Thorne sat a little straighter at his desk. They hadn’t considered that. ‘OK… but why would he bother lying about it? He’s been cocky as fuck about being accused of murder, even now he must know we’ve got him. Why react like he did in the bin? Why start making shit up, just to avoid us finding out he’s seeing Juliet Mullen?’

‘Because she’s fourteen,’ Porter said. ‘If he’s having sex with her, that’s exactly how he would react. It’s a machismo thing, about respect or whatever. If he gets sent down for the Latif murder, he goes down all guns blazing, doesn’t he? He keeps quiet, he’s a hero to his mates, to the other idiots who think the same way he does. Sleeping with an underage girl doesn’t exactly fit in with that image.’

There was a twisted logic that made as much sense as anything else in the case so far. Thorne told Porter that he’d talk to Juliet Mullen. Porter suggested that he do so in person, so he said that he’d try to get over to the Mullen place later on. Then he asked her what she was going to be doing, if they would see each other.

‘I’m not sure how long I’m going to be at Kathleen Bristow’s. I’m hoping SOCO will be about done, and I want to have a good go at those filing cabinets. Maybe what’s in there can give us a clue about what might have been taken.’

‘How did it go with the brother and his wife?’

It took no more than the sigh and the traffic noise, a second or two of the pause before she began to answer, for Thorne to realise that he’d asked cleverer questions.

TWENTY-ONE

A makeshift stage had been set up in his old man’s front room.

Sitting on the solitary chair, Thorne could hear the voices from behind the hastily rigged-up curtain, as his father and his father’s friend Victor got themselves ready. Thorne glanced over at his mum’s old clock on the mantelpiece. He needed to get back to work and didn’t really have time for this.

‘Are you going to be much longer?’

His father yelled back from behind the curtain, ‘Keep your fucking wig on!’

Thorne froze as he saw the smoke curling underneath the thick, black material. He got up and ran for the curtain, but found himself unable to reach it. He clawed at fresh air and shouted to his father on the other side, screaming at him to get out.

‘Relax,’ his father said. ‘Sit down. We’ll be ready in a minute.’

‘There’s smoke…’

‘No, there fucking isn’t.’

‘Stop swearing.’

‘I can’t fucking help it.’

The curtain rose and Thorne fell back in his chair as his father and Victor stepped forward through waist-high dry ice.

Jim Thorne gri

The show itself wasn’t bad.

Victor walked across to a piano and started to play. Thorne’s father began to sing, but the cheesy rendition of ‘Memories’ fell apart when he forgot the words almost straight away, mugging furiously as he gave it up as a waste of time. Then they went into the patter…

‘Do you know they’ve spent more money on developing Viagra than they have on research into Alzheimer’s?’

‘That’s terrible,’ Victor said.

‘You’re telling me. I’m walking around with a permanent stiffy and I can’t remember what I’m supposed to do with it!’

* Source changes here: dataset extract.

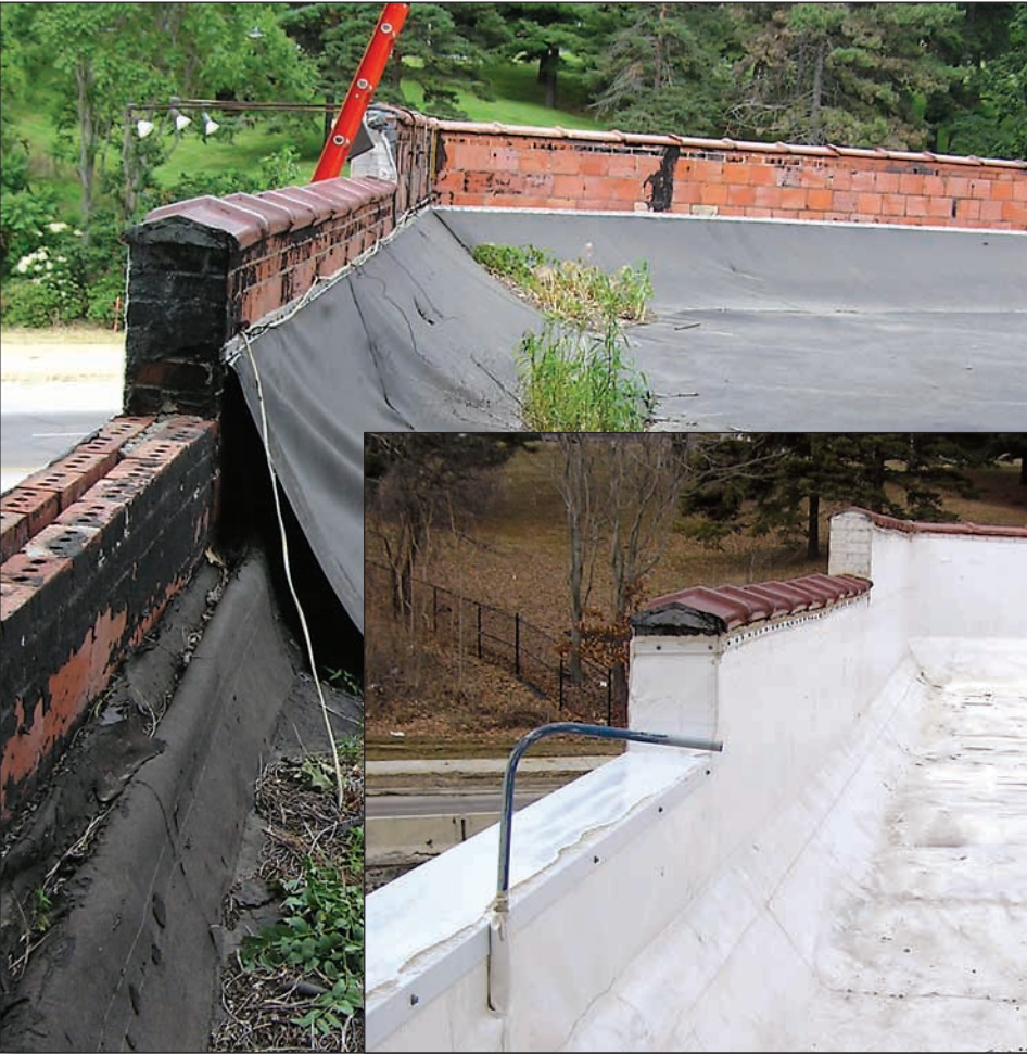
▲ Wall flashings
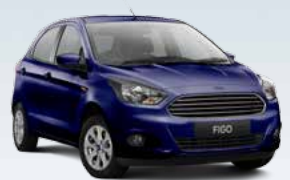
Deep Impact Blue (Metallic*)

Then more of the same. All the usual jokes, reeled off one after the other, with Victor playing straight man and cheerily feeding the set-ups to his old friend. Stuff from Thorne’s father about how Alzheimer’s wasn’t all bad: how at least he never had to watch repeats on TV, and how he could hide his own Easter eggs, and how he was always meeting new friends.

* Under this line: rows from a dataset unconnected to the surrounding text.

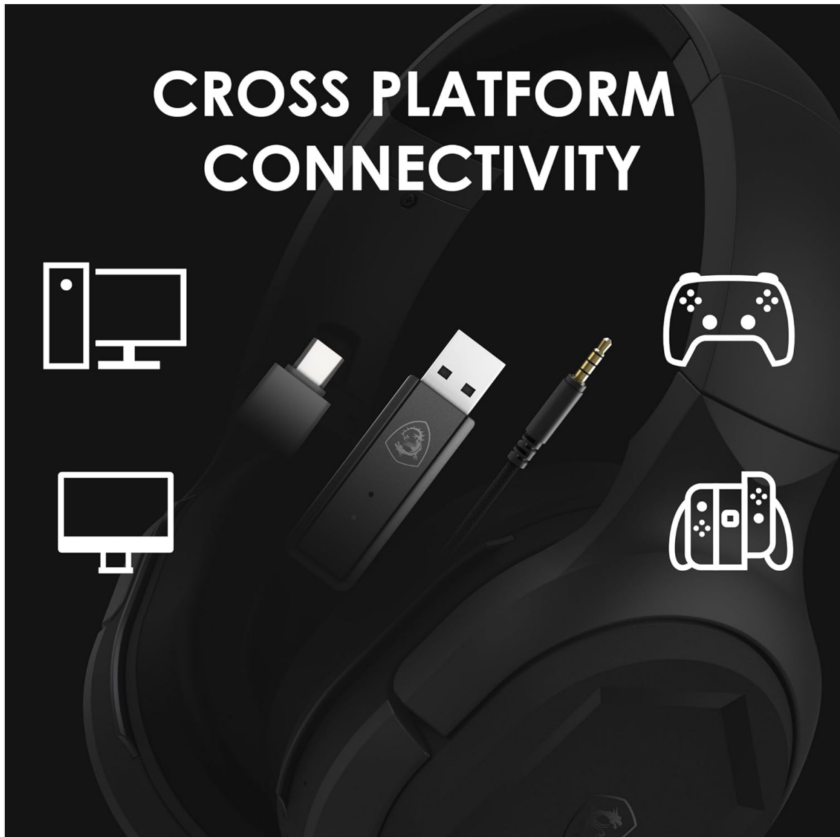
Figure 3: Visual representation of cross-platform connectivity for the headset.
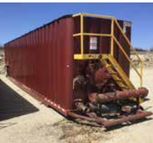
2011 Dragon 500 Bbl Frac Tank
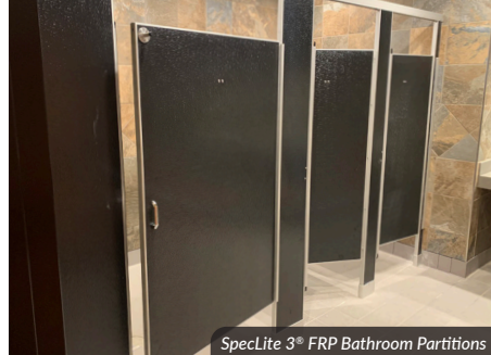
SpecLite 3® FRP Bathroom Partitions
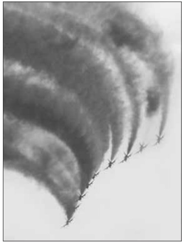
Frece Tricolori in flight.
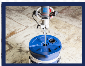
1. Removable dust splash and bucket
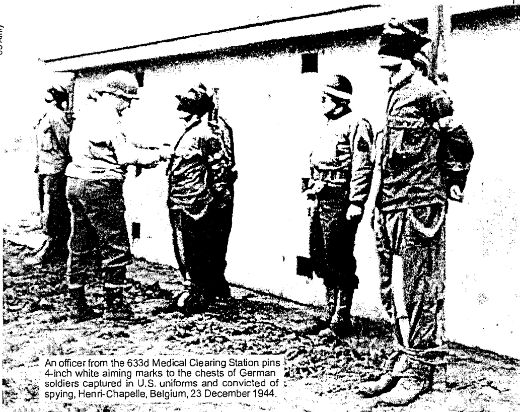
An officer from the 633d Medical Clearing Station pins 4-inch white aiming marks to the chests of German soldiers captured in U.S. uniforms and convicted of spying, Henri-Chapelle, Belgium, 23 December 1944.

Between October 1944 and May 1945, military commissions tried approximately 67 individuals, and at least 32 were executed. Among these were 18 German soldiers captured while wearing U.S. uniforms behind U.S. lines during the Battle of the Bulge. They were convicted of spying and executed. In the period between the end of the fighting in Europe and General Dwight D. Eisenhower's 25 August 1945 proclamation of a military government in Germany (with a system of military courts), military commissions continued to try individuals.

‘As long as you don’t forget your old ones,’ Victor said.

‘Of course not.’ Beat. Look. ‘Who are you again?’

Thorne enjoyed every minute of it, thrilled to see his father so happy. He forgot about the time and about the work he should be doing as those expressions of loss and confusion he had always dreaded seeing were transformed into something comical, as his father stared out at him in mock-bewilderment, his eyes bright.

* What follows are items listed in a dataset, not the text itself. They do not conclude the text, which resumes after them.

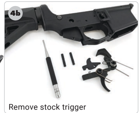
Remove stock trigger
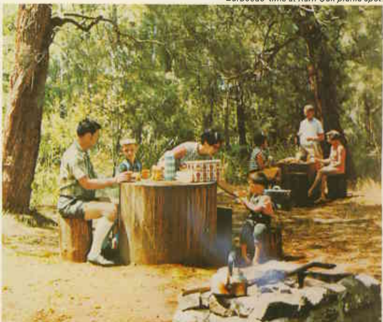
Barbecue-time at Karri Oak picnic spot
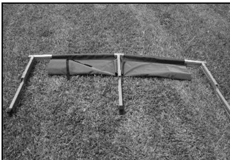
STEP 2 - Fold down leg supports against bed section side frames.
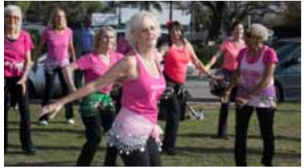
World Dance for Humanity
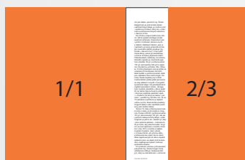
230 x 297* 149 x 297* 1 520 EUR 1 360 EUR
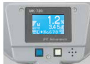
Inlaid composite image for this photo
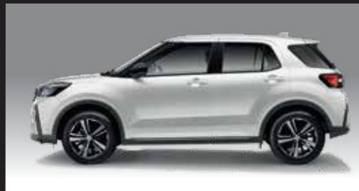
Differences from X

Thorne laughed, and applauded another badly timed gag. The noise of his clapping faded on cue as his father turned to Victor and stage-whispered from the side of his mouth: ‘I’m killing ’em.’

‘You’re on fire, Jim.’

‘Too bloody true I am!’

Thorne whistled as the old man turned, revealing the elaborate and colourful flame design that had been embroidered on to the back of his jacket. He stamped his feet as Jim Thorne began to dance, as he moved his hips and rolled his shoulders, so the flames appeared to be climbing slowly up his back.